Do We Still Need Scientists?

The question sounds provocative. It shouldn’t anymore — it’s being asked seriously, in scientific institutions, in funding agencies, in PhD programs around the world.

The evidence prompting it is real. Sakana AI’s “AI Scientist” system autonomously generates research ideas, writes code, runs experiments, and produces complete manuscripts — its second version achieved peer review acceptance scores high enough to cross the threshold for publication, the first fully AI-generated paper to do so. In the summer of 2025, theoretical physicist Alex Lupsasca gave GPT-5 a problem he himself had spent years solving — finding new symmetries in the equations governing a black hole’s event horizon.
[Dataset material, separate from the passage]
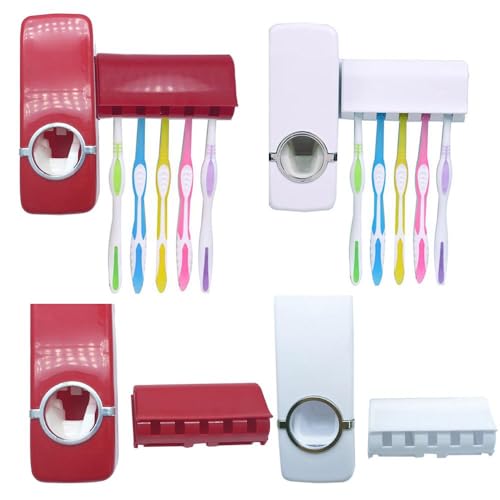 Generic - موزع معجون اسنان مع حامل مدمج مكون من 5 فرش - منظم حمام ذكي، صحي وموفر للمساحة، حل سهل الضغط للعناية بالاسنان

The model, working from training data gathered nine months before Lupsasca’s own paper was published, independently arrived at the same result by a different route. “The world has changed in some profound way,” Lupsasca wrote afterward — then moved his family to San Francisco to join OpenAI’s science team. Around the same time, mathematician Ernest Ryu proved a long-standing conjecture in optimization theory through 12 hours of back-and-forth with the same model. The Department of Energy has commissioned what it describes as the world’s largest autonomous-capable science system for microbial experimentation, running and redirecting experiments around the clock without human intervention. OpenAI’s Deep Research synthesizes hundreds of papers into cited reports in under an hour, automating the literature review that once consumed weeks of a PhD student’s life.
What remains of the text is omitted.